Aleotti, Assandra, Cozzolani, Leonarda, Vizzana – few people will have heard their names before. These Renaissance composers chose convent life over secular society’s traditional tasks. In the safety of the cloisters’ shadows they could follow their faith, enjoy an excellent education and avoid an arranged marriage to a partner of their family’s political preference.
In return, they provided their abbeys with polyphony aplenty, gaining local notoriety as organists, singers, directors and composers. Aleotti’s un-convent-ionally flamboyant madrigals were highly regarded; Leonarda was nicknamed the “Muse of Novara”; and Cozzolani's choir of nuns, the “white and melodious swans”, were hailed as the best singers in Italy.

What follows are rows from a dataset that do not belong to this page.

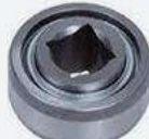
Rodamientos autocentrantes con interior cuadrado.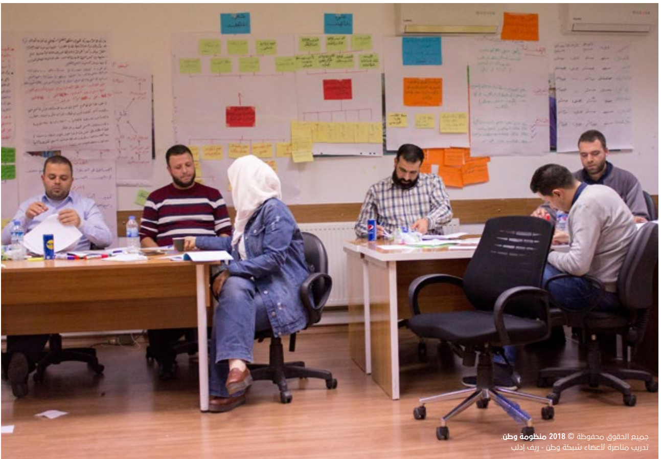
جميع الحقوق محفوظة © 2018 منظومة وطن تدريب متاصرة لأعضاء شبكة وطن - ريف ادلب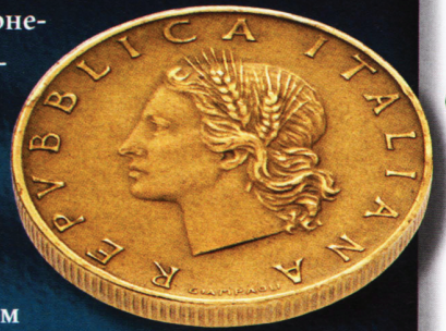
Рисунок на монете номиналом 20 лир достаточно прост: на аверсе нежный женский профиль, символизирующий Италию, в обрамлении колосьев, а на реверсе — ветвь дуба, эмблема добродетели, силы, смелости, достоинства и мощи государства. Ветвь дуба считается символом Итальянской Республики.

Итальянского королевства и монеты номиналом 20 и 200 лир Итальянской Республики. В 1968 году к сплаву была добавлена небольшая доля никеля, чтобы монеты были более яркими и менее подверженными окислению.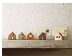
on the desk カード立て 三角屋根のカード立て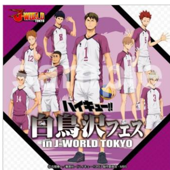
マイクロファイバータオル (全1種/648円)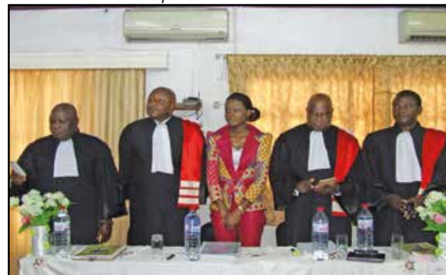
L'impétrante avec le jury et son Directeur de mémoire.

traduction», a-t-elle fait savoir. Pour elle, il ne suffit pas d'être bilingue pour être traducteur.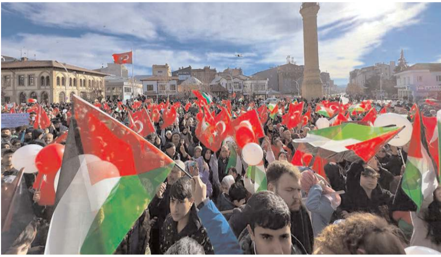
Yürüyüşe katılım yüksek oldu.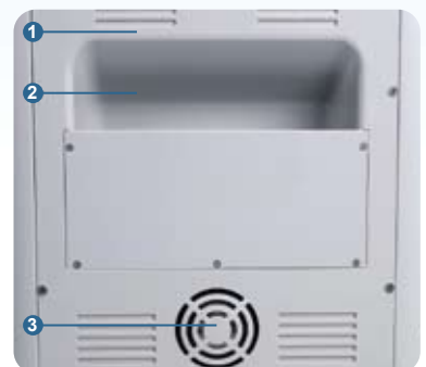
① 維修蓋 ② 置物箱 ③ 散熱風扇

Patriarchal prejudice restricted these women’s reputations. Adverse Archbishops and contrary Cardinals found their music frivolous, unfit for religious rites or public performance. The complexity of Aleotti’s compositions was criticised for “making holiness give way to pleasure”…
Orlando Chamber Choir sings these talented women’s wonderful works out of history’s shadows into the concert light.
To add contrasting colours, the programme also includes majestic mass excerpts and motets by De Victoria – who, being a man, could enjoy the protection of the priory as a priest yet travel free into the limelight as he pleased.